#### PROBLEM DETAILS:
Search the listing below for the line with "同時,陸上風(fēng)電存", then write out that line and every one after it exactly, without the pictures.

#### EXERCISE DATA:
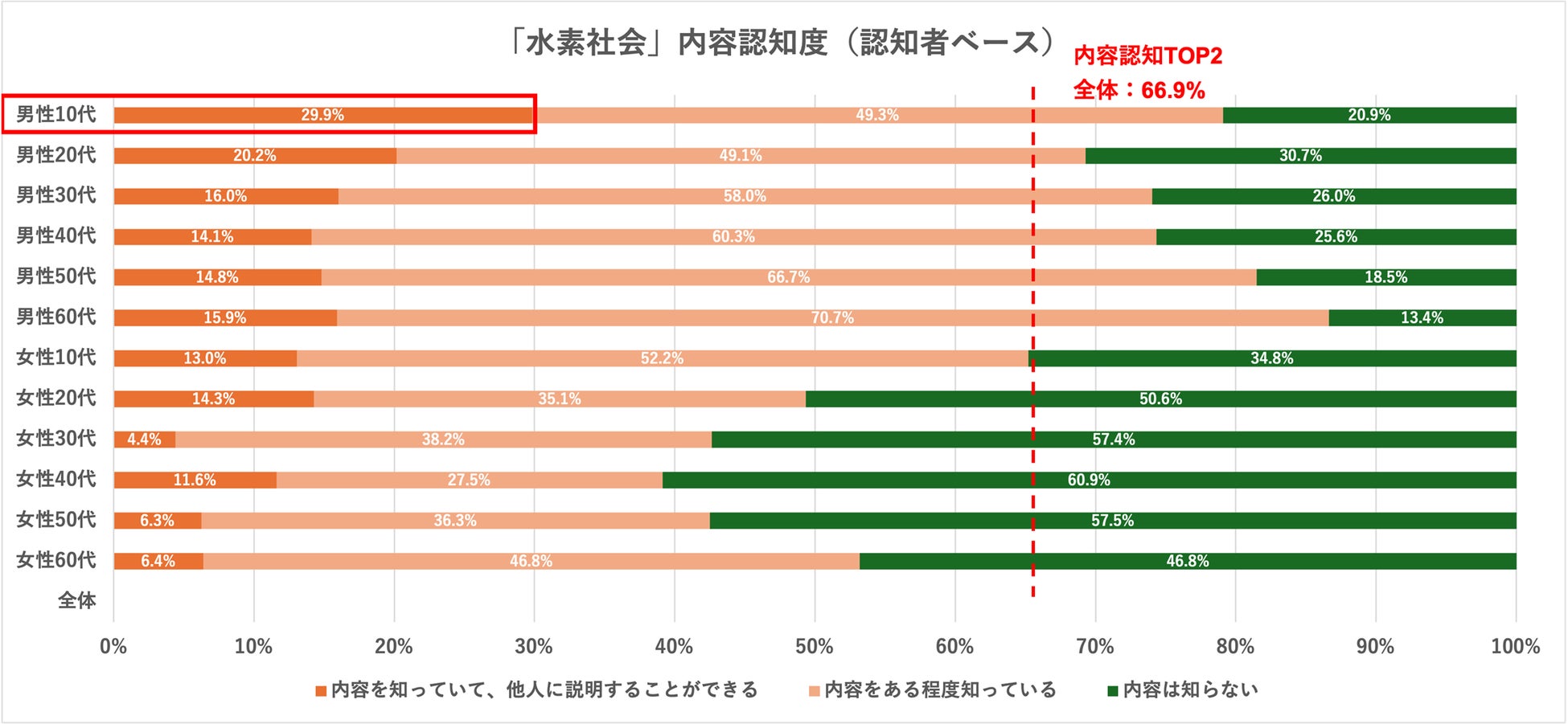 水素社会の内容認知は男性10代が突出して高く、8割が内容を認知しており、そのうち3割が「他人に説明することができる」ほど詳細に認知している。
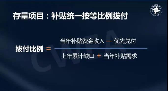 同時,陸上風(fēng)電存量項目的補貼需要統(tǒng)一按照等比例進行撥付。撥付比例是當(dāng)前補貼資金收入減去優(yōu)先兌付的值除以上年累計缺口加上當(dāng)年補貼需求的值。
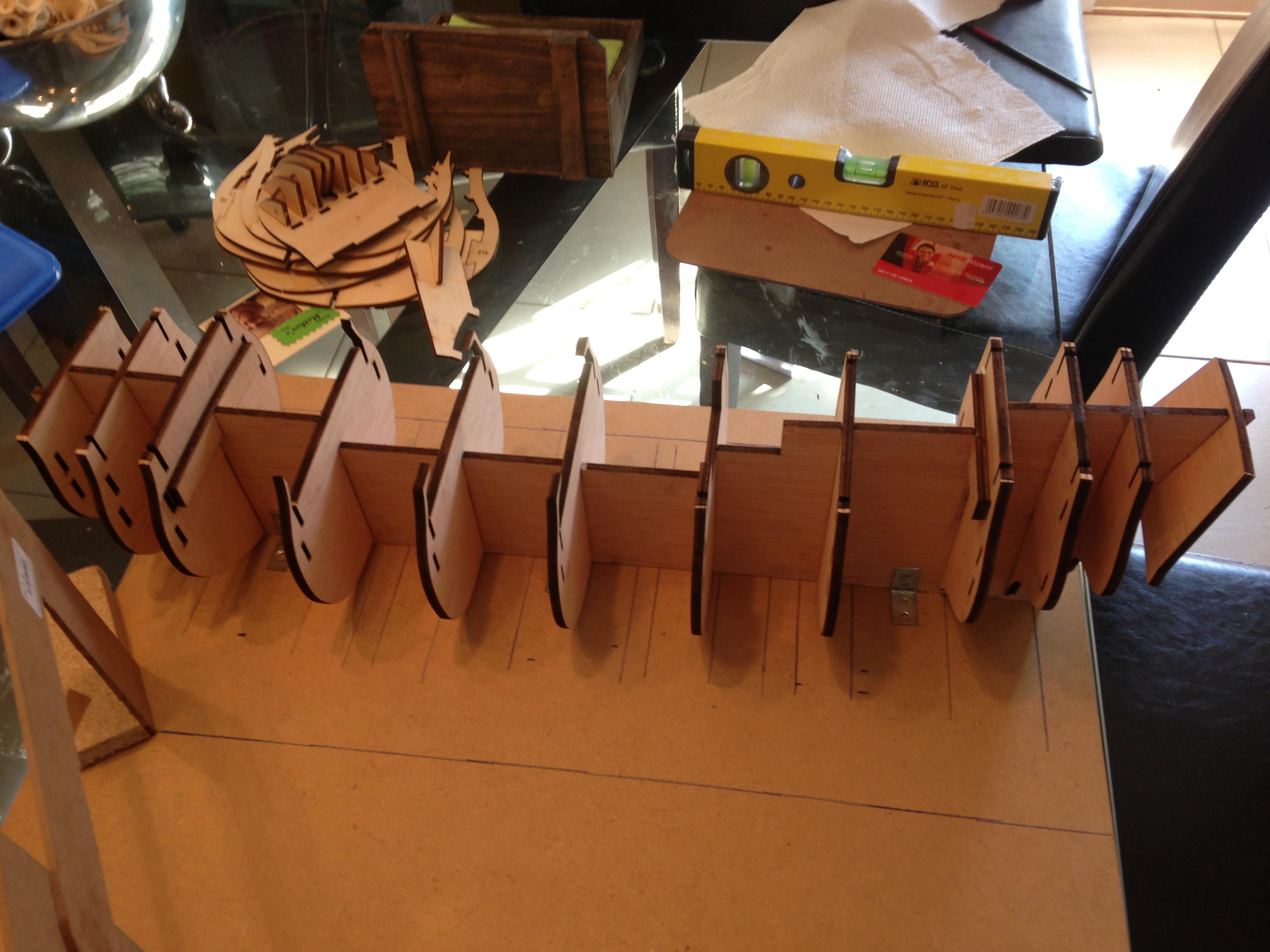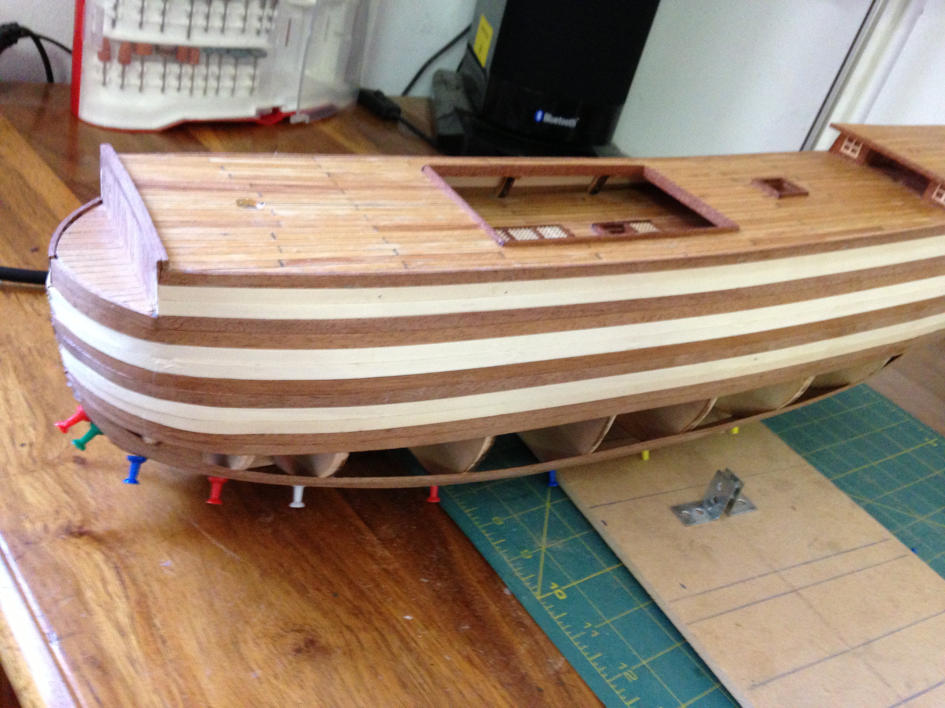 Have started the hull planking. It has been relatively easy up till the next few days where the plank twisting will have to start getting quite serious towards the back of the boat.

#### TASK SOLUTION:
 同時,陸上風(fēng)電存量項目的補貼需要統(tǒng)一按照等比例進行撥付。撥付比例是當(dāng)前補貼資金收入減去優(yōu)先兌付的值除以上年累計缺口加上當(dāng)年補貼需求的值。
 Have started the hull planking. It has been relatively easy up till the next few days where the plank twisting will have to start getting quite serious towards the back of the boat.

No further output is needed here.